Evidence-based policies or policy-based evidence?

added on November 4, 2009 by Liza Lort-Phillips

I was struck by a comment in the editorial in today’s FT about the resignation of the government’s chief drug advisor Professor Nutt. At the heart of the row, the question of government moving from reliance on ‘evidence-based policy’ to one that seeks to do the opposite: find the right evidence it needs to justify its policy decisions. Moving from? Was it not always thus? As a former market researcher, I know the tricks of the trade – that is, if you ask a question a certain way, you can encourage a certain answer..  But it got me to thinking about the world in which we work with companies and sustainability issues… and to the extent they too, are guilty of the same. And are we, as their advisors, sometimes complicit in this?
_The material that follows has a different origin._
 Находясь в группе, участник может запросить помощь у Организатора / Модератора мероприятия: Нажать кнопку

Not so long ago I got a call from someone asking on behalf of their client whether we ‘do ethical supply chain policies’. We do ‘do’, I said, but there are a few other questions that come before the ‘doing’, like why do they want it, what are they buying from where, what sort of issues do they have in their supply chain, and how are they intending to use it?  To which the answer was ‘because our competitors seem to have one, and customers are starting to ask if they have one. So they need to keep them off their backs, basically. A policy should do the trick, right?’ Hmm. Indeed. I suspect more companies, if they are honest, might say the same thing in an unguarded moment.  
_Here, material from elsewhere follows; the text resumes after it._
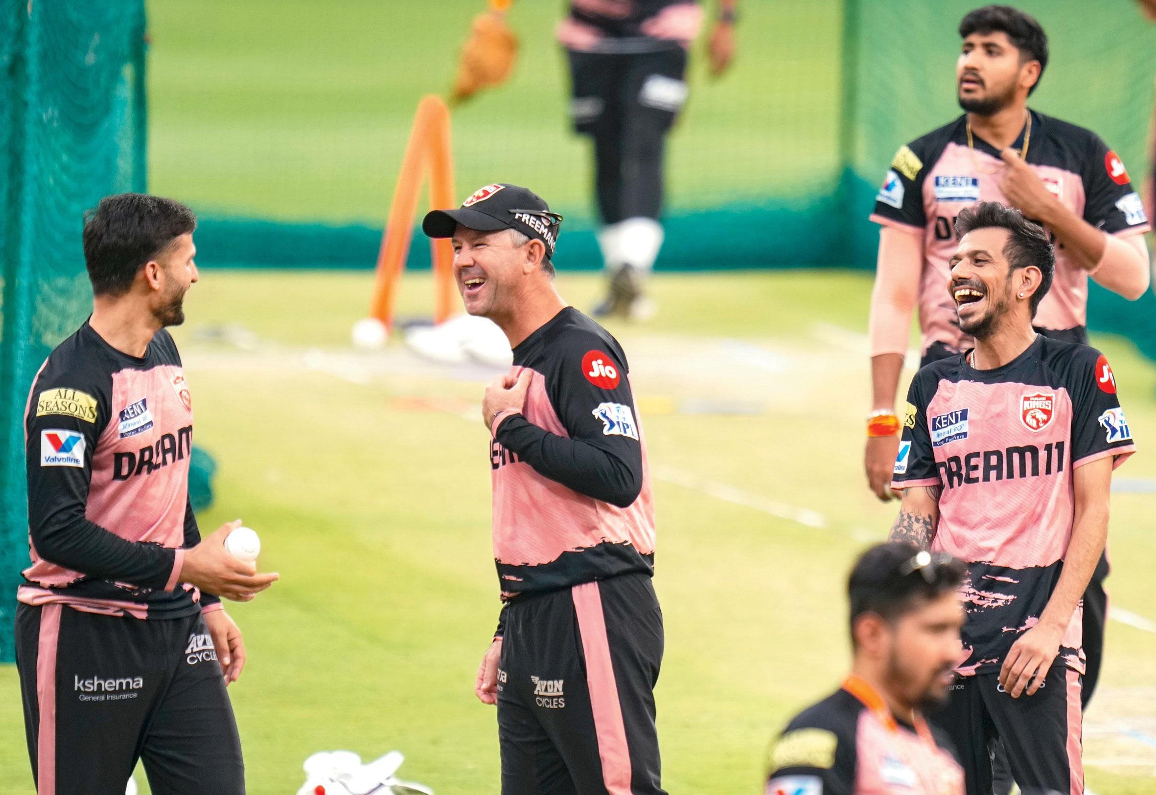 ગઈ કાલે ન્યુ ચંડીગઢના મહારાજ યદવિન્દ્ર સિંહ ઇન્ટરનૅશનલ ક્રિકેટ સ્ટેડિયમમાં પંજાબ કિંગ્સનો હેડ કોચ રિકી પૉન્ટિંગ પોતાની ટીમના પ્લેયર્સ યુઝવેન્દ્ર ચહલ અને અઝમતુલ્લાહ ઓમરઝાઈ સાથે.

Almost anybody can cobble together a respectable-looking policy together these days if they put their mind to it. But how rooted is it in how your business thinks, what your business does, its needs and constraints, and its customer/consumer priorities?  In other areas perhaps, companies do better. On environmental issues, for example, there is more evidence on which to base policies – not least the weight of science, regulation, and 40 years of campaigning.
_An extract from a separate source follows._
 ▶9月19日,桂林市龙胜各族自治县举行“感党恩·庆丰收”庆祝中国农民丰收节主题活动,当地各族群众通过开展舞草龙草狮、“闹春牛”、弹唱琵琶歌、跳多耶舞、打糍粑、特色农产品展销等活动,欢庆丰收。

On companies’ commitment to go Fairtrade…or for that matter Rainforest Alliance certified? We know that it’s not just about what consumers think. Because lots of them just don’t. Or rather they think about different things. So, are they acting from real evidence, an anticipation of what lies ahead? Or a deeper sense of concerns driven from within the business? Perhaps a mix of all three.

And does it matter if we don’t have the evidence, as long as the net result is a good one at the end of the day? Well, I guess it depends on who’s at the receiving end of that net result.

At the end of the day, we’re all for evidence.  Evidence has to be the cornerstone of any policy or action, or it becomes meaningless. We spend our days helping companies find it, show proof of it, because, good, bad or ugly, it’s the foundation on which responsible behaviour and progress can be built.